What you’ve described in “2. Strip and Suck Shows” existed at New York City 42nd Street peep shows and adult bookstores back in the late 1970s…probably long before you were born. Six or so private booths encircled a small center stage. Customers dropped tokens into a slot that raised a 2-foot square panel revealing an opening between the booth and a stage on which several girls performed. The opening was sufficiently large and positioned to give the girl and the customer easy access to each other. For a few dollars worth of tokens and $50, customers could receive anything and everything imaginable…but you had to be quick. One token kept the panel open for only a few minutes. The fun and games ended with the AIDS scare and Rudy Giuliani’s crackdown on sex businesses in the Big Apple.
Hi Matt. Maybe I’m so young at heart that it gives false appearances. The peep shows you describe aren’t exactly what I have in mind. I’m talking about a strip show with one or more ladies on stage with another lady between each customer’s legs. It would be something like New Hot Point in Tokyo (which I’ve reviewed on the site) but with simultaneous oral and on stage action. There are still some booths around, in New York and elsewhere. Out in the Northwest you can even find booths where extra activities are pretty standard practice. In my opinion, it’s not worth the money considering what you get. Thanks for the comment. Cheers!
Baby Doll agogo off of Walking St is well known for blowing on the sofas while the girls are dancing. You get a sample for a ladies drink and can finish if you tip. Private Dancer is another such gogo. I know it is true because I have had first hand experience. [it quickly gets expensive though and a bj bar is far better value]. A specialised deep throat bj bar would be a nice idea.
Good suggestions. I’m familiar with both but it’s been awhile since I’ve been inside either. I usually forgo Walking Street altogether these days, though I may have to venture back soon. A deep throat bar would be absolutely amazing but I could foresee a few problems. One is that it’d be tough to find the talent. Two is that the staff members would be married up quickly. Three is that I’d spend all my money there and end up sleeping on Beach Road.
LOL me too!
We’d be better off going into business together and opening the shop ourselves, with daily skills testing sessions for the ownership partners being part of the process. So, when will we get “Down the Hatch” off the ground?

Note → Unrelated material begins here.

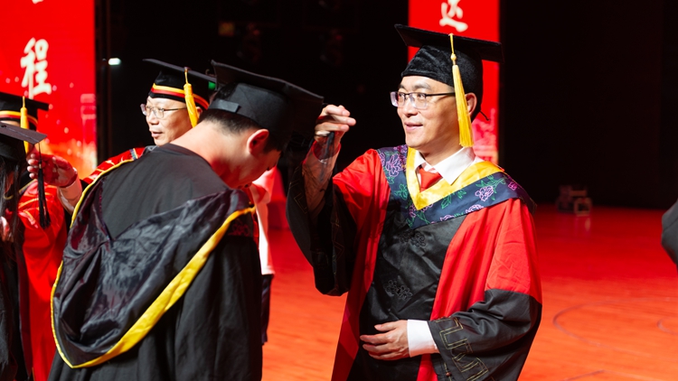 《毕业歌》一响,全都是青春。毕业典礼后,2024届毕业生学位授予仪式继续举行。毕业生们穿着整齐的学位服自信登台、闪闪发光,学位委员会的领导和导师们为每位圆满完成学业的毕业生逐一授位、扶正流苏并合影留念,祝贺他们如愿拥有川轻化牌《毕业证书》,为人生旅途浇灌出一朵鲜艳的花。

Here is my Christmas wish then. It would be rather expensive to set up, but anyway, my idea would be to get hold of a decomissioned Boeing 747 and refit it into a BJ bar. On the lower deck would be lady drinks with the stewardesses and on the upper deck would the first class BJ lounge. The stewardesses would have authentic outfits from the recognised airlines. Maybe, for a little extra twist, you could have the two [female] pilots who are expert deepthroaters. When you have been milked, you exit down the emergency slide with a big grin on your face.
Great! I think you deserve it for coming up with such an elaborate and entertaining idea. I don’t know if that would fly with the authorities though.
I’d do a barber shop with a different spin. It would offer all the services of the Ball Barber you described, but be more of a standard barber shop you can get your hair cut as well.
The difference is you can get your pecker serviced at the same time you’re getting a haircut by a different lady. When you’re ready to bust, you can spray it over both of them or just one for different rates.
You can also get your haircut by one lady, she will wear your choice of costume and get you all worked up while she’s doing the cutting…then after that it will be your turn to do some work on her.
Finally, there’s the VIP…having a few girls massage your arms and legs, while one massages or saddles up on your middle leg and the last one cuts your hair. It will end with a full shower (to get rid of both your hair clippings and penis drippings) and yet another ball buster, along with some facial grooming and hair styling.
I missed this comment when you first posted it. Thanks for adding on. This almost sounds like going out all at a Macau sauna while throwing in some hair styling. Cheers!